The protein table () contains information on each of the proteins in the cluster, organized by taxon. Where there are multiple species or strains from the same genus, the table can be collapsed or expanded. Selected sequences or groups at higher taxonomic levels can be highlighted in the alignment or distance tree by checking the box next to the genus or species.
The organism, protein name, accession, locus tag, and length are provided. To provide information on genome neighborhood, genes upstream and downstream of the gene encoding the protein are checked for cluster assignment. If these genes belong to a cluster then they are they displayed with their cluster assignment and are color-coded by COG functional category (genes that do not belong to a cluster are not shown). Blink is pre-computed blast results.
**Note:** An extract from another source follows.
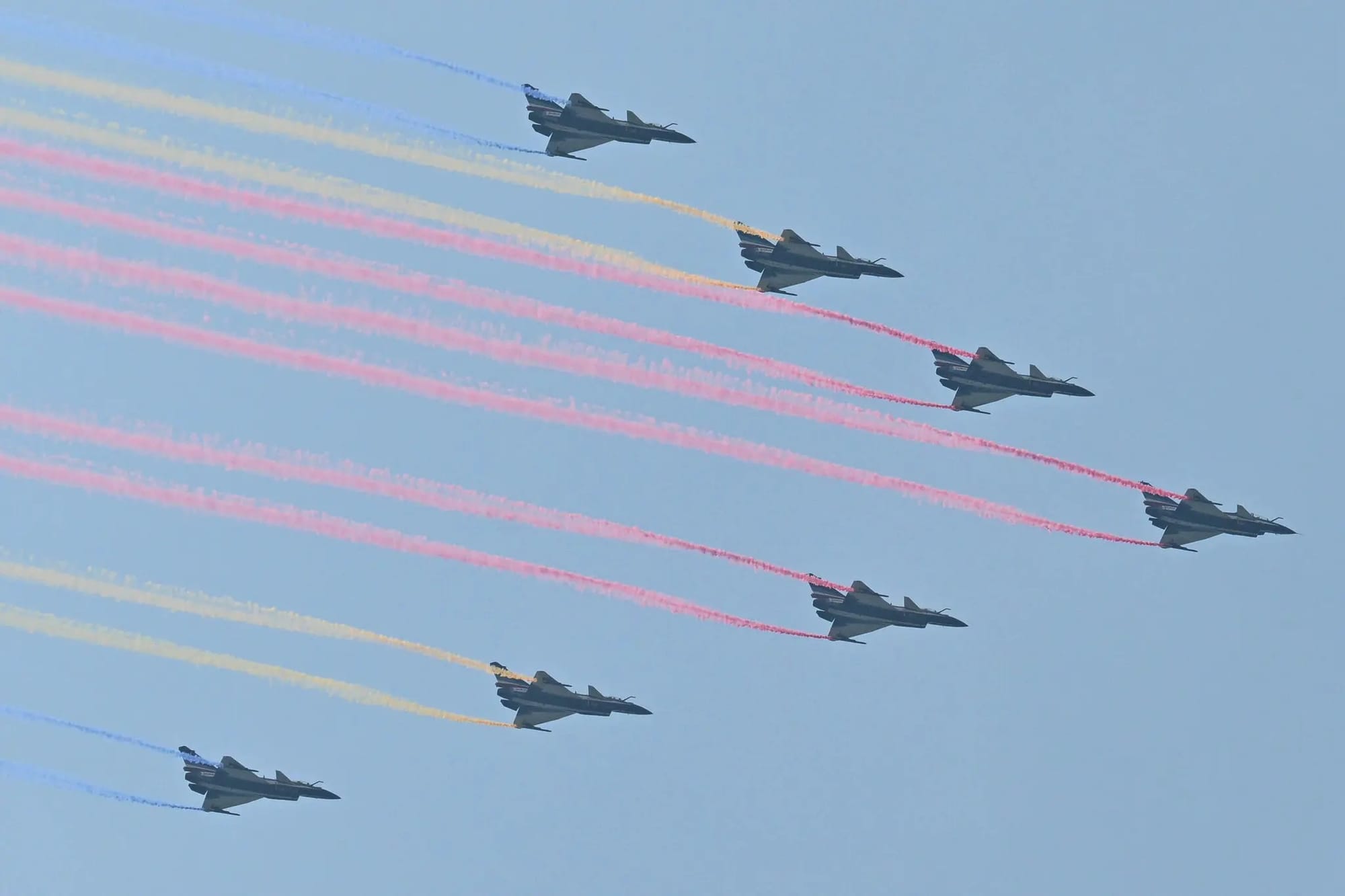 China’s leader, Xi Jinping, presided over a massive military parade in Beijing on Wednesday featuring fighter jets, missiles and goose-stepping troops as he issued a defiant warning to rivals not to challenge his country’s sovereignty. His message was underscored by the leaders gathered by his side in the viewing gallery, representing states that have challenged or questioned American dominance of the global order. He was flanked by President Vladimir V. Putin of Russia and North Korea’s leader, Kim Jong-un, along with the leaders of Iran, Pakistan and other mostly authoritarian nations. Cannons fired 80 times to mark the anniversary of the end of World War II, as soldiers carried a Chinese flag and marched across a red carpet covering part of Tiananmen Square. Crowds watching the parade waved small flags and saluted as the national anthem was played and the flag was raised. Later, pigeons and balloons — said to number 80,000 each — were released into the air.

Alignment provides a graphic of the alignment including domain structure. Each of these properties provides a link to the appropriate database or tool.
Querying and Searching
There are numerous ways to query protein clusters, either with search terms in Entrez or with a protein or nucleotide sequence using either CD-Search or Concise Protein BLAST.
Entrez Search
The Entrez Protein Clusters database uses all of the features of other Entrez databases. You can limit searches, Preview/Index your search terms, and use the History, Clipboard, or Details by using the tabs underneath the search box. General instructions on Entrez querying can be found in the Entrez help document.
As noted in the Entrez Links section, protein clusters currently link to Gene, Protein, Nucleotide, Genome, and PubMed. Links from these Entrez databases to protein clusters are also available via the links menu (Links in Entrez Gene). All protein clusters associated with a given genome can be found from the link to protein clusters from Entrez Genome or Nucleotide. Links to protein clusters for a specific organism can also be found in the protein view of Entrez Genome. Since many publication links are calculated by sequence similarity to proteins, related proteins not found in protein clusters can be retrieved this way.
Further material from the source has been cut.